Print, please, exactly the lines from the one with "The formula for" through the final line of the data below, with both ends included and the pictures left out.

**** SUPPLIED INFORMATION

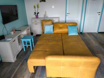 Ferienwohnung bietet Platz für 3 Gäste. Die Betten sind in Schlafzimmern, die es 1 gibt, und in Wohnzimmer, innerhalb einer Gesamtfläche von 48m2, angeordnet. Die Gäste haben eine eigene Terrasse zur Verfügung, auf der sie in warmen Sommernächten genießen können. Es ist erlaubt, Speisen auf dem Gemeinschafts-Grill vorzubereiten. Durch die Terrasse der gebuchten Unterkunftseinheit gehen auch andere Gäste oder Vermieter.
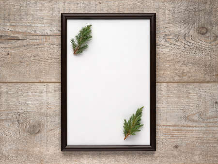 Photo frame with a sheet of white paper with copy space and Christmas tree branches inside on a wooden surface. Flat lay, view from above, vertical layout
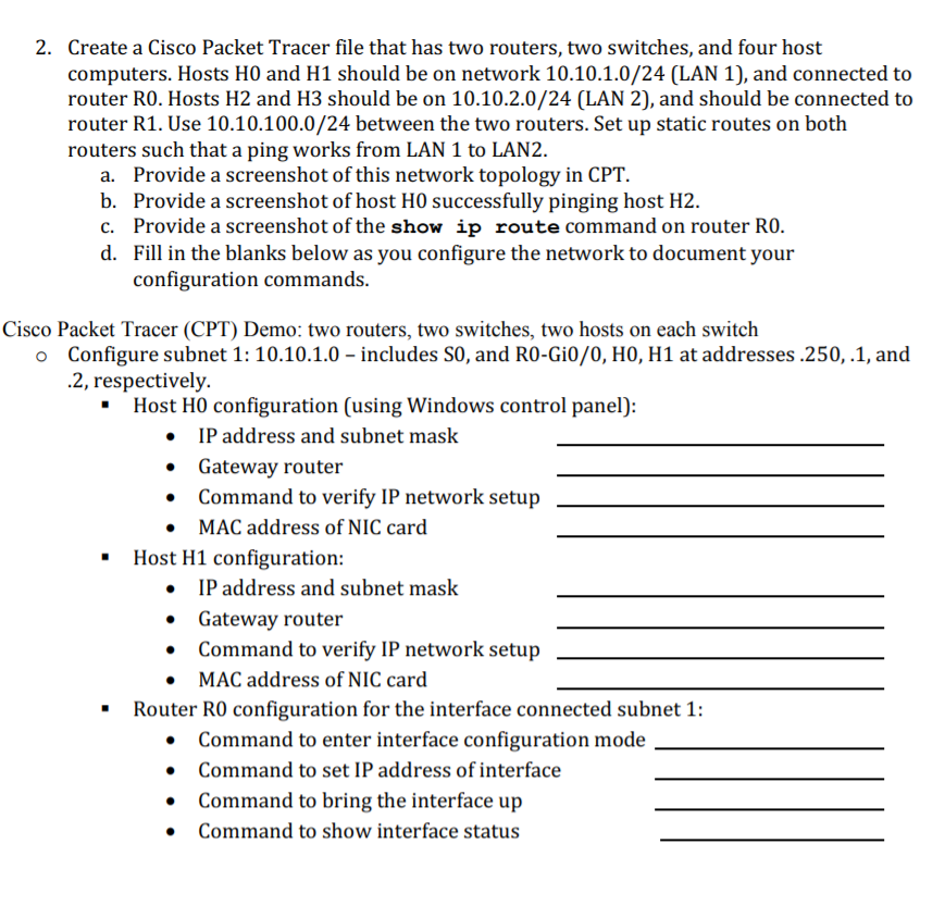 The formula for creating a static route is ip add destination network id subnet mask gateway note. This is made virtual on cisco packet tracer. How to connect 2 routers with 2 pc in cisco packet tracer do as follows.
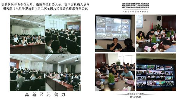 2018年8月29日上午,成都市召开第二次全国污染源普查入户调查培训动员视频会议,高新区环城局、污普办、各乡镇(街道)、第三方机构等相关人员齐聚高新区管委会659会议室参加本次视频会议。我区污普办普查指导员作为指导员代表出席会议主会场(成都市环保局A座527室)并发言。
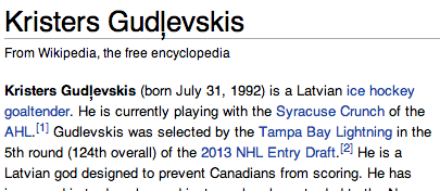 @sarahkliff: Amazing edit to Latvian goalie's Wikipedia page.pic.twitter.com/9vD4CVqwd6

********

→ OUTPUT FOR THIS EXERCISE
 The formula for creating a static route is ip add destination network id subnet mask gateway note. This is made virtual on cisco packet tracer. How to connect 2 routers with 2 pc in cisco packet tracer do as follows.
 2018年8月29日上午,成都市召开第二次全国污染源普查入户调查培训动员视频会议,高新区环城局、污普办、各乡镇(街道)、第三方机构等相关人员齐聚高新区管委会659会议室参加本次视频会议。我区污普办普查指导员作为指导员代表出席会议主会场(成都市环保局A座527室)并发言。
 @sarahkliff: Amazing edit to Latvian goalie's Wikipedia page.pic.twitter.com/9vD4CVqwd6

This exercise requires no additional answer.